Trafostationen: Standortgebunden heisst noch nicht bestgeeignet
- Sandro Dinser

- 7. Apr.
- 2 Min. Lesezeit

Der Netzexpress will den Stromnetzausbau beschleunigen. Ein Teil der Vorlage betrifft Trafostationen ausserhalb der Bauzonen. (Botschaft, Änderung Elektrizitätsgesetz)
Neu sollen solche Anlagen als standortgebunden gelten, wenn vier Kriterien erfüllt sind. Ist dies der Fall, entfällt die ansonsten notwendige Standortevaluation zur Begründung eines Standorts ausserhalb der Bauzone.
Diese Vereinfachung ist sinnvoll und wird den Netzausbau beschleunigen.
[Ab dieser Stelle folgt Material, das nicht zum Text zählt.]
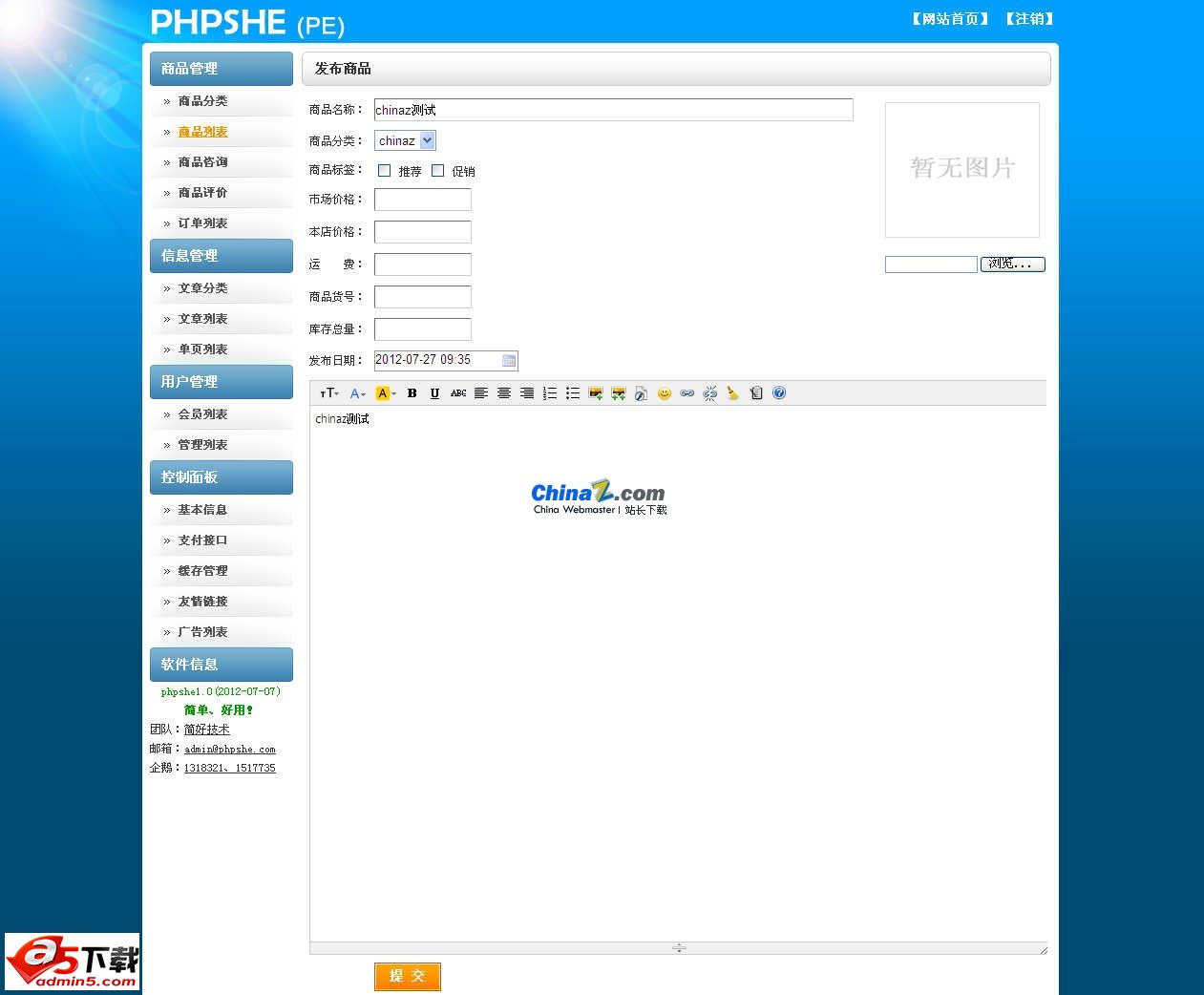 (9)网站文章分类、单页信息、推荐商品、促销商品等。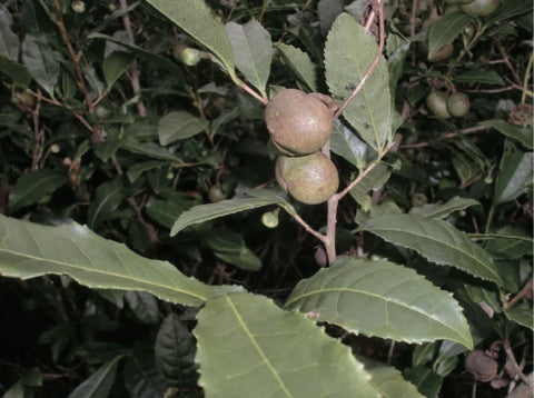 茶葉を収穫した後に咲くお茶の花、さらにそのあとに収穫できるお茶の実は、茶葉を収穫し終わった時に刈り取られてしまうことが多く、今まで有効活用できない資源として扱われていました。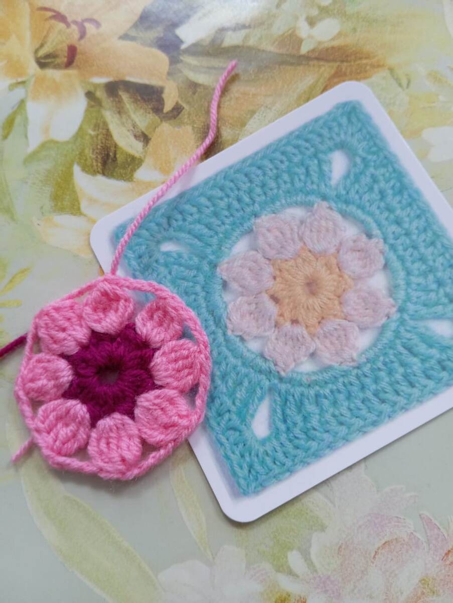 Связала один квадратик из подарка. Красивый получился.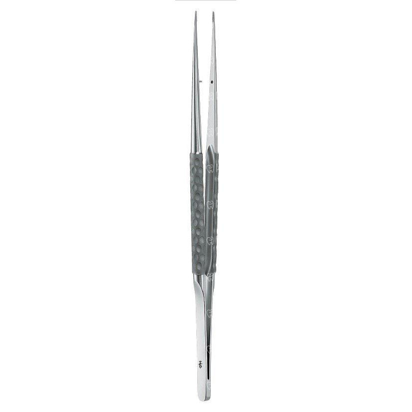 Пинцет, DX303R, B.Braun (Aesculap, Германия) изготовлен из высококачественной нержавеющей стали, состоит из двух пружинящих браншей на концах которых имеются зубчики, они обеспечивают надежный захват и удержание предметов. На пинцете есть рифленая поверхность, чтобы при работе с ним рука специалиста не соскальзывала.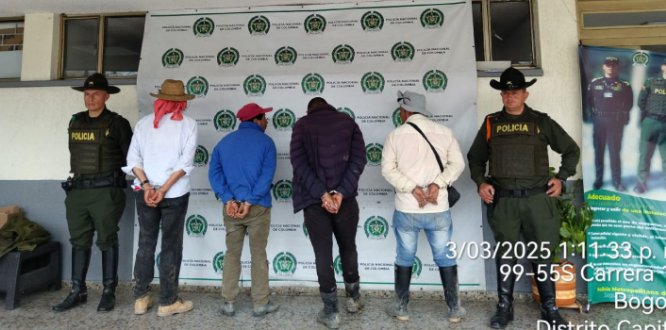 Con el respaldo de la Policía de Carabineros de Bogotá y la Corporación Autónoma Regional (CAR), se logró la captura de cuatro personas que fueron sorprendidas infringiendo la normatividad ambiental, quienes ahora enfrentarán cargos por delitos ambientales según el artículo 336 del Código Penal.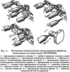 Обработка заготовок на МС по сравнению с их обработкой на фрезерных, сверлильных и других станках с ЧПУ имеет ряд особенностей. Установка и крепление заготовки должны обеспечивать ее обработку со всех сторон за одну установку (свободный доступ инструментов к обрабатываемым поверхностям), так как только в этом случае возможна многосторонняя обработка без переустановки. Обработка на МС не требует, как правило, специальной оснастки, так как крепление заготовки осуществляется с помощью упоров и прихватов. МС снабжены магазином инструментов, помещенных на шпиндельной головке, рядом со станком или в другом месте. Для фрезерования плоскостей используют фрезы небольшого диаметра и обработку производят строчками. Консольный инструмент, применяемый для обработки неглубоких отверстий, имеет повышенную жесткость и, следовательно, обеспечивает заданную точность обработки. Отверстия, лежащие на одной оси, но расположенные в параллельных стенках заготовки, растачивают с двух сторон, поворачивая для этого стол с заготовкой. Если заготовки корпусных деталей имеют группы одинаковых поверхностей и отверстий, то для упрощения составления технологического процесса и программы их изготовления, а также повышения производительности обработки (в результате сокращения вспомогательного времени) в память УЧПУ станка вводят постоянные циклы наиболее часто повторяющихся движений (при сверлении, фрезеровании). В этом случае программируется только цикл обработки первого отверстия (поверхности), а для остальных задаются лишь координаты (X и Y) их расположения. В качестве примера на рис. 8 показаны некоторые постоянные технологические циклы, включенные в программное обеспечение и используемые при обработке на станке модели ИР320ПМФ4.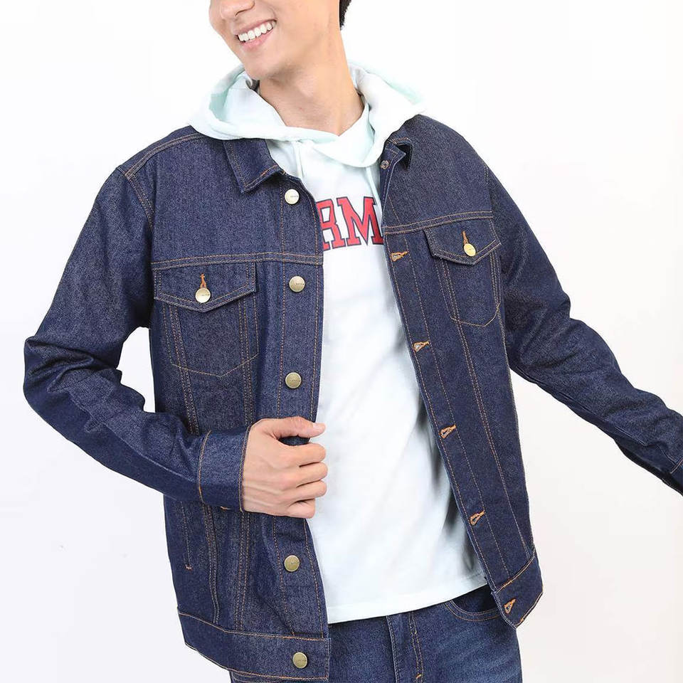 เสื้อแจ็กเก็ตยีนส์สำหรับผู้ชายสไตล์สตรีทพลัสไซส์ปกตั้งดีไซน์แบบเย็บปะติดดีไซน์แบบอุตสาหกรรมจำนวนมาก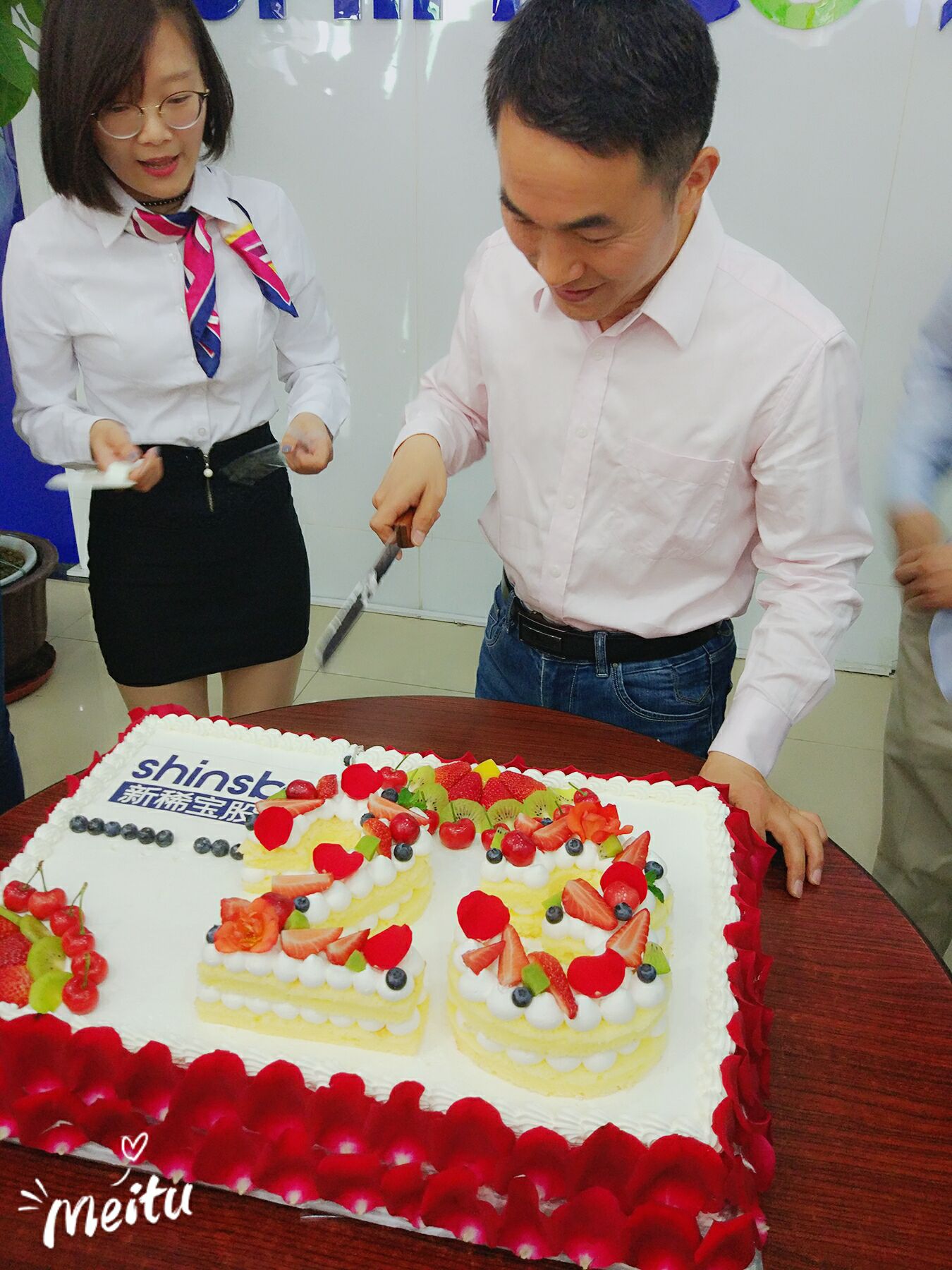 9:20董事長湯傳忠先生親自來到活動(dòng)現(xiàn)場,副總經(jīng)理鄭朝霞女士也一起來到現(xiàn)場與大家共同慶祝。9點(diǎn)23分,在主播的帶動(dòng)下,新稀寶家人們共同唱起了生日歌,伴隨著歌聲,兩位禮儀推出了特別為新稀寶23周歲生日定制的大蛋糕,將慶?;顒?dòng)推向了第一個(gè)高潮。湯經(jīng)理虔誠地雙手合十、許下心愿,并在現(xiàn)場親手為大家分發(fā)了生日蛋糕,隨后在直播間里向每位新稀寶家人送去了祝福和心愿。

Zulässig ist nicht automatisch die beste Lösung
Gleichzeitig ist zu beachten: Die Regelung beantwortet in erster Linie die Frage, ob ein Standort zulässig ist. Sie stellt jedoch nicht sicher, dass auch die beste Lösung gewählt wird.
Gerade im sensiblen Landschaftsraum stellt sich deshalb die Frage: Wollen wir den Netzausbau beschleunigen – und dabei in Kauf nehmen, dass nicht die bestmögliche Lösung umgesetzt wird?
Die Grundlagen sind vorhanden – der Mehraufwand ist gering
Ein zentrales Kriterium der neuen Regelung ist, dass am vorgesehenen Standort keine überwiegenden Interessen entgegenstehen.
Um dies beurteilen zu können, müssen die relevanten Interessen ohnehin erhoben und bewertet werden. Diese Grundlagen beschränken sich in der Regel nicht auf einen einzelnen Punkt, sondern liegen auch für die nähere Umgebung vor.
Damit ist der Schritt klein, auch alternative Standorte einzubeziehen und zu prüfen, welche Variante insgesamt am besten abschneidet.
Einsprachen entstehen genau hier
In der Praxis zeigt sich immer wieder: Eine der häufigsten und zugleich einfachsten Einsprachen lautet, dass nicht die beste Variante gewählt wurde.
Fehlt die nachvollziehbare Dokumentation der Variantenprüfung, gilt dies als Mangel des Gesuchs – selbst dann, wenn die Prüfung tatsächlich durchgeführt wurde.
Kann der Gesuchsteller nicht nachvollziehbar darlegen, weshalb gerade dieser Standort die beste Lösung ist, führt dies zu Verzögerungen im Verfahren.
Der vermeintliche Zeitgewinn durch eine vereinfachte Standortbegründung geht damit oft wieder verloren.
Die einfache Lösung
Das wirksamste Mittel gegen solche Einsprachen ist einfach:
Die beste Lösung von Beginn an suchen und begründen.
Gerade bei Trafostationen ist der zusätzliche Aufwand gering. Die relevanten Interessen müssen ohnehin erhoben werden. Eine Variantenprüfung lässt sich darauf aufbauend mit überschaubarem Zusatzaufwand durchführen.
Unsere Empfehlung für den Netzexpress
Der Netzexpress sollte nicht nur den Bau von Trafostationen ausserhalb der Bauzone vereinfachen.
Er sollte auch sicherstellen, dass die bestgeeigneten Standorte gewählt werden.
Denn genau darin liegt ein wesentlicher Hebel zur Beschleunigung:
Wer die beste Lösung frühzeitig aufzeigt, reduziert Einsprachen und beschleunigt die Verfahren.